#### ABOUT THIS TASK
Output every entry below word for word, without its pictures.

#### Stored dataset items

===============

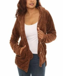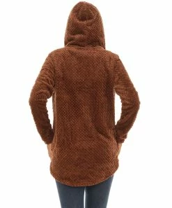 Keep cozy in this softly textured button-up hoodie with side pockets.
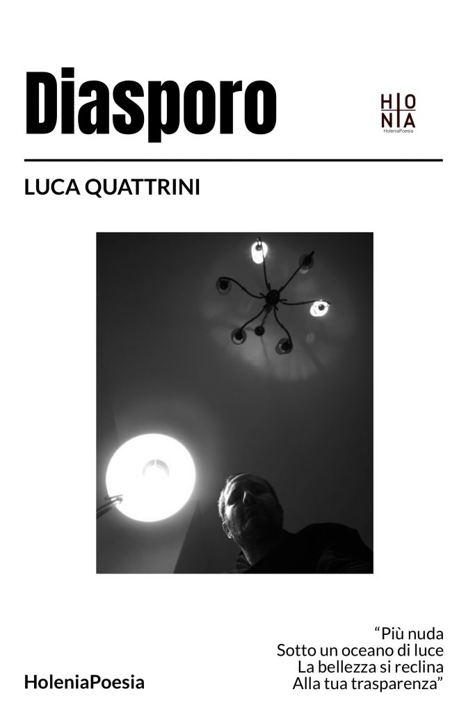 Luca Quattrini nasce a Pavullo nel Frignano (Mo) nel 1974. Laureato in Storia contemporanea e in Storia, culture e civiltà orientali (Università degli studi di Bologna), si avvale anche di un Master in Geopolitica (Roma, Sioi-Limes). Ha pubblicato sei opere di poesia: “Cortometrico”; “Diasporo”; “Q. Poema Imago-Vorticista”; “Vandor”; “Paràclito”; “Dagherrotipia”. Per HoleniaPoesia ha curato le traduzioni di Yvan Goll e Antonin Artaud e l’antologia “Poeti Imagisti”. Tre le opere di saggistica: “Mussolini e le leggi razziali”; “Shinto”; “Antisemitismo e identità europea”.
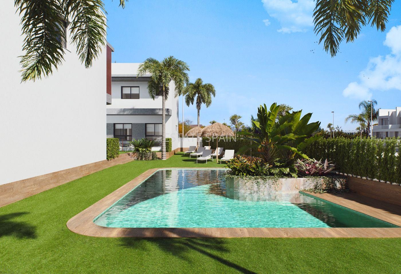 Новое бунгало в Пилар-де-ла-Орадада, Коста Бланка. В бунгало площадью 70 кв.м есть 2 cпальни, 2 санузла, гостиная и кухня. На территории есть сад.
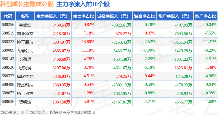 资金流向方面,科创成长(000690)指数成份股当日主力资金净流出合计13.56亿元,游资资金净流入合计4.09亿元,散户资金净流入合计9.47亿元。成份股资金流向详情见下表:
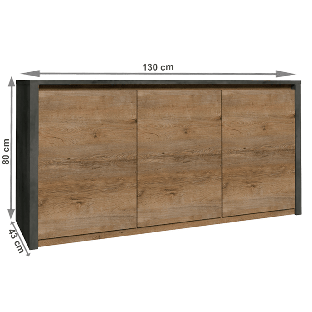 Komoda, dub lefkas tmavý/smooth sivý, MONTANA K3D
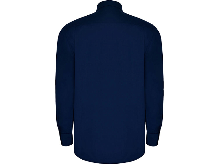 Рубашка мужская с длинным рукавом на семи пуговицах. Накладной карман на груди слева, закругленный низ изделия. Уголки воротника продублированы пуговицами.
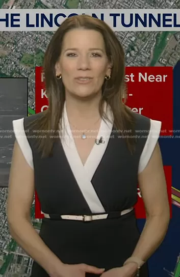 Heather O’Rourke on Good Morning America on ABC was spotted wearing this black contrast trim belted dress on Good Morning America on Apr 09 2024's episode. Heather's Dress is the Classic Sheath Dress by Calvin Klein.
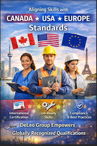 DeLeo Group aligns training programs with Canadian, U.S., and European occupational standards, certification frameworks, and employer requirements. Through partnerships with accredited bodies, it prepares students for credentialing, certification exams, and skills assessments while emphasizing practical, job-ready skills and compliance. By combining standardized training, certification readiness, and career guidance, DeLeo Group enables learners to turn local training into globally recognized qualifications and access skilled employment and further education internationally.
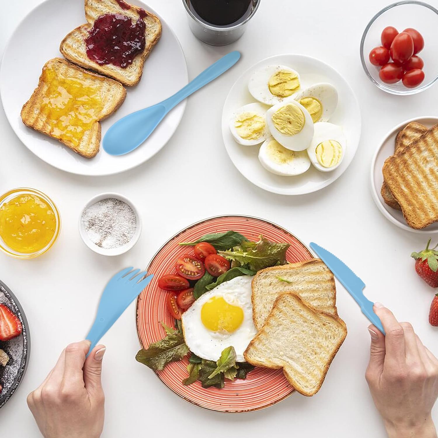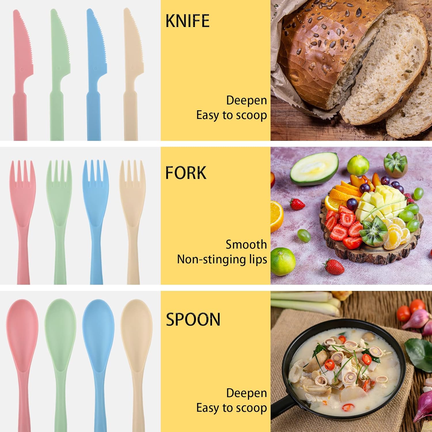 - 【Portable Utensil】Camping utensils is made of PP material, which is friendly for your family. Travel cutlery is lightweight and durable, not easily broken when dropped from high places, making it the perfect companion for outdoor activities.
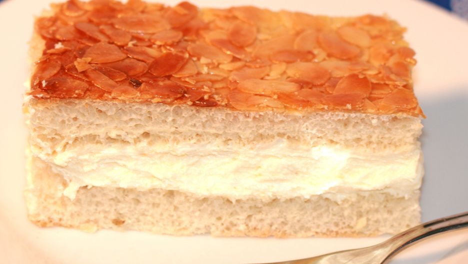 Samo ciasto drożdżowe jest zarówno puszyste, jak i lekko wilgotne, dzięki czemu nie staje w gardle, czego zwykle obawiamy się po tego typu wypiekach. Krem budyniowy to połączenie tradycyjnego budyniu z absolutnie nieziemską bitą śmietaną, której smak i konsystencja zawsze dodaje kilka punktów deserom. Ale najważniejsza jest tutaj chrupiąca "skórka", czyli polewa z migdałów. Bez tego deser ten nie miałby szans na przebicie. Inspiracja dla stworzenia tego ciasta był niemiecki deser Bienenstich.
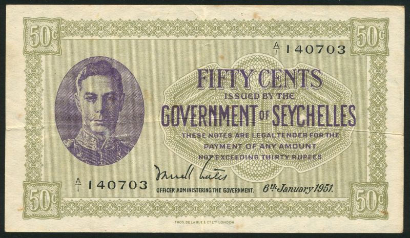(x) Government of the Seychelles, 50 cents, 6 January 1951, serial number A/1 140703, violet and pale green, George VI in oval frame at left, value at right and at each corner, reverse blank
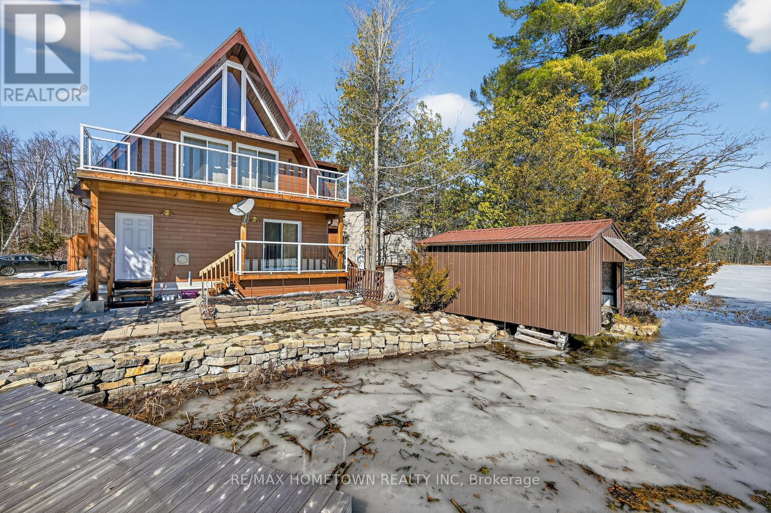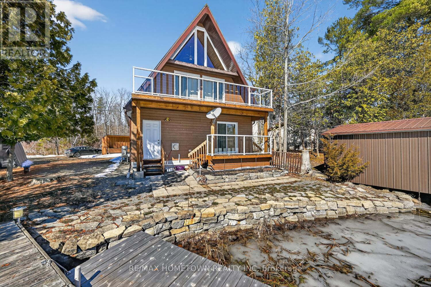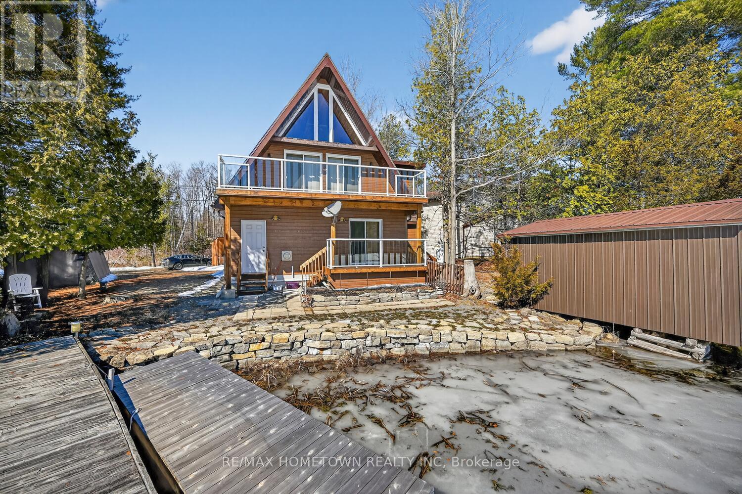 Escape to the pristine shores of Charleston Lake, one of Ontario's true crown jewel lakes, renowned for its crystal-clear waters, exceptional swimming, boating, and fishing. With multiple boat launches and two marinas nearby, this is lakeside living at its finest-perfectly positioned with easy access to two international bridges to the USA and just a 3.5-hour drive from Toronto. Set on a perfectly level lot with year-round access, this stunning waterfront property offers effortless enjoyment of lake life. Step right out to your direct shoreline access, complete with both fixed and floating docks-ideal for boating enthusiasts and those who love to soak up the sun by the water. Originally built in 1970 and thoughtfully renovated in 2017, the home was raised and enhanced with a new 10-block foundation, along with the addition of a heated and insulated single-car garage. Inside, this charming chalet-style home blends comfort and character, featuring 2 bedrooms plus a versatile loft space. The main floor is designed for convenience with a spacious primary bedroom offering a walk-in closet, private ensuite, and in-suite laundry. Upstairs, the open-concept living area showcases a bright eat-in kitchen with pantry, seamlessly flowing into the dining and family room, all with access to an elevated deck-perfect for entertaining or enjoying breathtaking lake views. A second deck off the primary bedroom provides a peaceful retreat to start or end your day. Additional features include an energy-efficient heat pump for heating and cooling, a 200-amp breaker panel, a 10KW Generac propane generator, drilled well, and concrete holding tank. The durable CanExel siding-crafted from a blend of wood and composite materials-offers long-lasting curb appeal with an approximate 40-year lifespan. Whether you're searching for a year-round home or the ultimate waterfront getaway, this exceptional Charleston Lake property delivers the lifestyle you've been dreaming of. (id:28469)
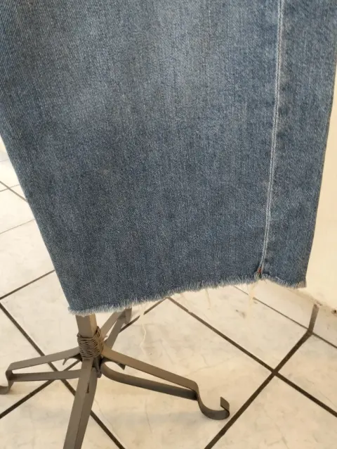 Jeans para de elefante de mezclilla deslavadas de botón con bolsas delanteras y traseras piernas deshiladas así es el modelo
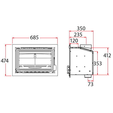 The BAY is a contemporary insert stove featuring a large landscape window framed with a clean, sharp-edged surround. The Charnwood Bay VL meets the Clean Air Act requirements for burning wood in smoke control areas. The stove boasts a variable output of between 2 and 7kW and is available in a choice of eight colours.
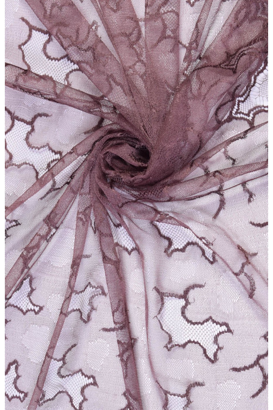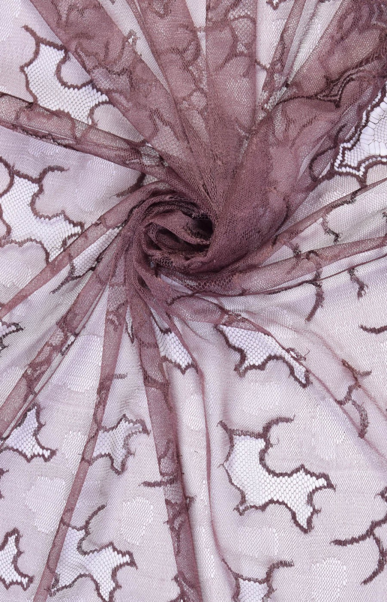 Tunn, delikat spets i färgen vinrödbrun. Avslutad med en tand på båda sidor. Tyget är perfekt för blusar och klänningar.
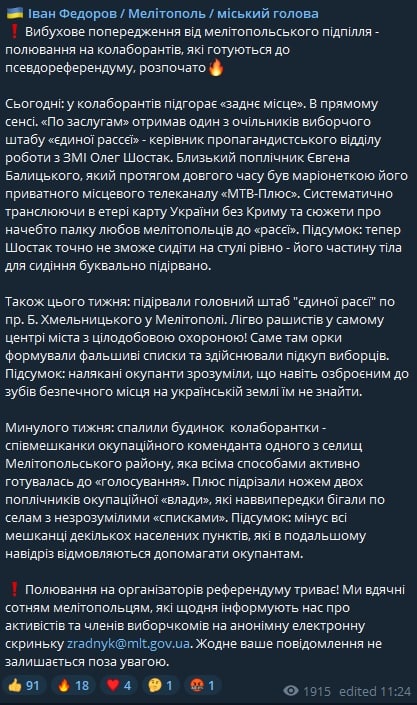 "Напомню, что движение сопротивления тщательно следит за коллаборантами, знает каждого в лицо и по имени и никого не оставит без надлежащего внимания", - написал Федоров.
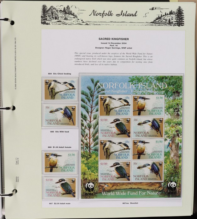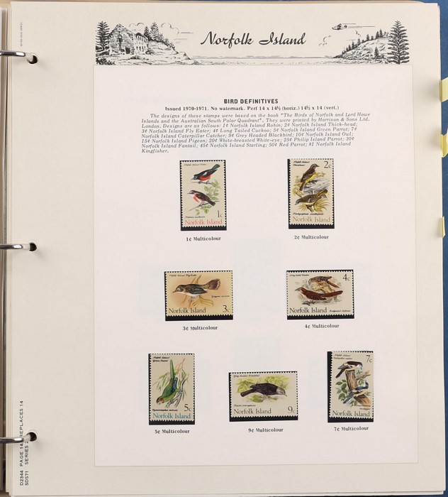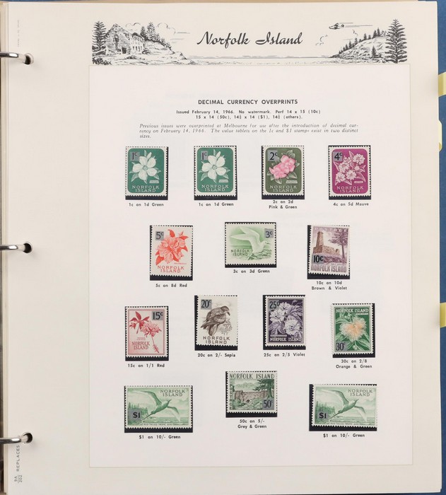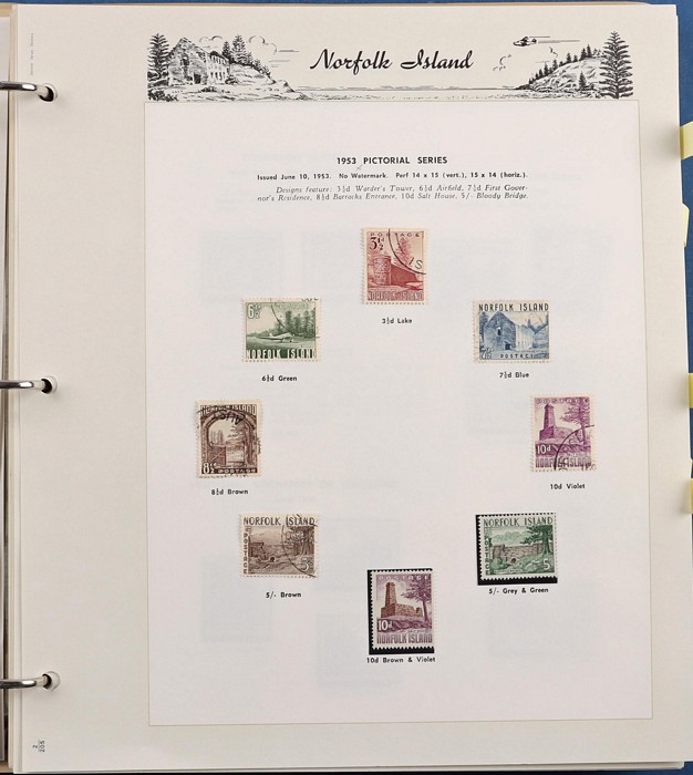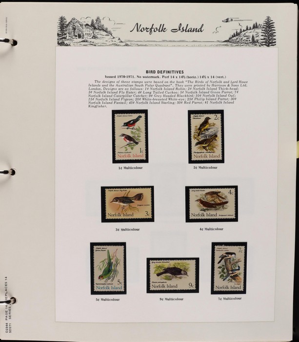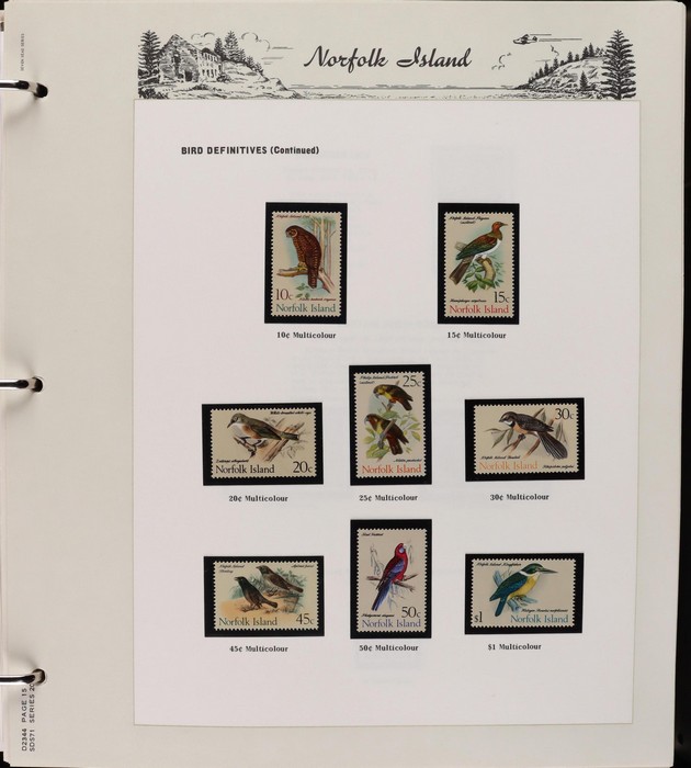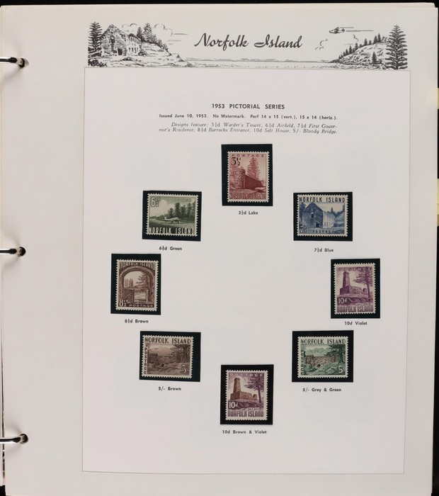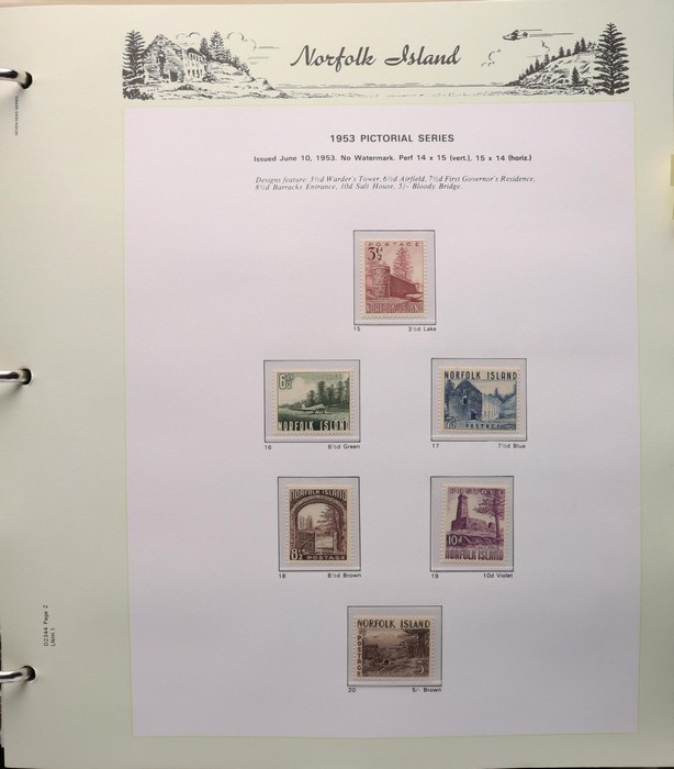 932 imageNorfolk Island: 1947-2014 near comp MNH collection in Seven Seas pages (hingeless 1987-2014, retail $440) inc 1947 Ball Bay set to 2/- blue MLH, 1953 Pics to 5/- brown Bridge (VFU), 1960 Defs to 10/- Bird plus extra 10/- (2) opt SPECIMEN, 1960 Local Govt 2/8, 1966 opt set, 1967 Ships, 1969 Birds, 1974 UPU M/Sheet & many other decimal MNH Pic/Commem sets inc vals to $5. Retail $1000 to end 19990, FV $800 from 1991-2014 plus another $440 for the albums, total $2240. (Image1) (Image2) (Image3) (Image4) (Image5) (Image6) (Image7) (Image8) (Image9) (Image10) (Image11) (Image12) (Image13) (Image14) (Image15) (Image16)

===============

#### EXERCISE OUTPUT
 Keep cozy in this softly textured button-up hoodie with side pockets.
 Luca Quattrini nasce a Pavullo nel Frignano (Mo) nel 1974. Laureato in Storia contemporanea e in Storia, culture e civiltà orientali (Università degli studi di Bologna), si avvale anche di un Master in Geopolitica (Roma, Sioi-Limes). Ha pubblicato sei opere di poesia: “Cortometrico”; “Diasporo”; “Q. Poema Imago-Vorticista”; “Vandor”; “Paràclito”; “Dagherrotipia”. Per HoleniaPoesia ha curato le traduzioni di Yvan Goll e Antonin Artaud e l’antologia “Poeti Imagisti”. Tre le opere di saggistica: “Mussolini e le leggi razziali”; “Shinto”; “Antisemitismo e identità europea”.
 Новое бунгало в Пилар-де-ла-Орадада, Коста Бланка. В бунгало площадью 70 кв.м есть 2 cпальни, 2 санузла, гостиная и кухня. На территории есть сад.
 资金流向方面,科创成长(000690)指数成份股当日主力资金净流出合计13.56亿元,游资资金净流入合计4.09亿元,散户资金净流入合计9.47亿元。成份股资金流向详情见下表:
 Komoda, dub lefkas tmavý/smooth sivý, MONTANA K3D
 Рубашка мужская с длинным рукавом на семи пуговицах. Накладной карман на груди слева, закругленный низ изделия. Уголки воротника продублированы пуговицами.
 Heather O’Rourke on Good Morning America on ABC was spotted wearing this black contrast trim belted dress on Good Morning America on Apr 09 2024's episode. Heather's Dress is the Classic Sheath Dress by Calvin Klein.
 DeLeo Group aligns training programs with Canadian, U.S., and European occupational standards, certification frameworks, and employer requirements. Through partnerships with accredited bodies, it prepares students for credentialing, certification exams, and skills assessments while emphasizing practical, job-ready skills and compliance. By combining standardized training, certification readiness, and career guidance, DeLeo Group enables learners to turn local training into globally recognized qualifications and access skilled employment and further education internationally.
 - 【Portable Utensil】Camping utensils is made of PP material, which is friendly for your family. Travel cutlery is lightweight and durable, not easily broken when dropped from high places, making it the perfect companion for outdoor activities.
 Samo ciasto drożdżowe jest zarówno puszyste, jak i lekko wilgotne, dzięki czemu nie staje w gardle, czego zwykle obawiamy się po tego typu wypiekach. Krem budyniowy to połączenie tradycyjnego budyniu z absolutnie nieziemską bitą śmietaną, której smak i konsystencja zawsze dodaje kilka punktów deserom. Ale najważniejsza jest tutaj chrupiąca "skórka", czyli polewa z migdałów. Bez tego deser ten nie miałby szans na przebicie. Inspiracja dla stworzenia tego ciasta był niemiecki deser Bienenstich.
(x) Government of the Seychelles, 50 cents, 6 January 1951, serial number A/1 140703, violet and pale green, George VI in oval frame at left, value at right and at each corner, reverse blank
 Escape to the pristine shores of Charleston Lake, one of Ontario's true crown jewel lakes, renowned for its crystal-clear waters, exceptional swimming, boating, and fishing. With multiple boat launches and two marinas nearby, this is lakeside living at its finest-perfectly positioned with easy access to two international bridges to the USA and just a 3.5-hour drive from Toronto. Set on a perfectly level lot with year-round access, this stunning waterfront property offers effortless enjoyment of lake life. Step right out to your direct shoreline access, complete with both fixed and floating docks-ideal for boating enthusiasts and those who love to soak up the sun by the water. Originally built in 1970 and thoughtfully renovated in 2017, the home was raised and enhanced with a new 10-block foundation, along with the addition of a heated and insulated single-car garage. Inside, this charming chalet-style home blends comfort and character, featuring 2 bedrooms plus a versatile loft space. The main floor is designed for convenience with a spacious primary bedroom offering a walk-in closet, private ensuite, and in-suite laundry. Upstairs, the open-concept living area showcases a bright eat-in kitchen with pantry, seamlessly flowing into the dining and family room, all with access to an elevated deck-perfect for entertaining or enjoying breathtaking lake views. A second deck off the primary bedroom provides a peaceful retreat to start or end your day. Additional features include an energy-efficient heat pump for heating and cooling, a 200-amp breaker panel, a 10KW Generac propane generator, drilled well, and concrete holding tank. The durable CanExel siding-crafted from a blend of wood and composite materials-offers long-lasting curb appeal with an approximate 40-year lifespan. Whether you're searching for a year-round home or the ultimate waterfront getaway, this exceptional Charleston Lake property delivers the lifestyle you've been dreaming of. (id:28469)
 Jeans para de elefante de mezclilla deslavadas de botón con bolsas delanteras y traseras piernas deshiladas así es el modelo
 The BAY is a contemporary insert stove featuring a large landscape window framed with a clean, sharp-edged surround. The Charnwood Bay VL meets the Clean Air Act requirements for burning wood in smoke control areas. The stove boasts a variable output of between 2 and 7kW and is available in a choice of eight colours.
 Tunn, delikat spets i färgen vinrödbrun. Avslutad med en tand på båda sidor. Tyget är perfekt för blusar och klänningar.
 "Напомню, что движение сопротивления тщательно следит за коллаборантами, знает каждого в лицо и по имени и никого не оставит без надлежащего внимания", - написал Федоров.
 932 imageNorfolk Island: 1947-2014 near comp MNH collection in Seven Seas pages (hingeless 1987-2014, retail $440) inc 1947 Ball Bay set to 2/- blue MLH, 1953 Pics to 5/- brown Bridge (VFU), 1960 Defs to 10/- Bird plus extra 10/- (2) opt SPECIMEN, 1960 Local Govt 2/8, 1966 opt set, 1967 Ships, 1969 Birds, 1974 UPU M/Sheet & many other decimal MNH Pic/Commem sets inc vals to $5. Retail $1000 to end 19990, FV $800 from 1991-2014 plus another $440 for the albums, total $2240. (Image1) (Image2) (Image3) (Image4) (Image5) (Image6) (Image7) (Image8) (Image9) (Image10) (Image11) (Image12) (Image13) (Image14) (Image15) (Image16)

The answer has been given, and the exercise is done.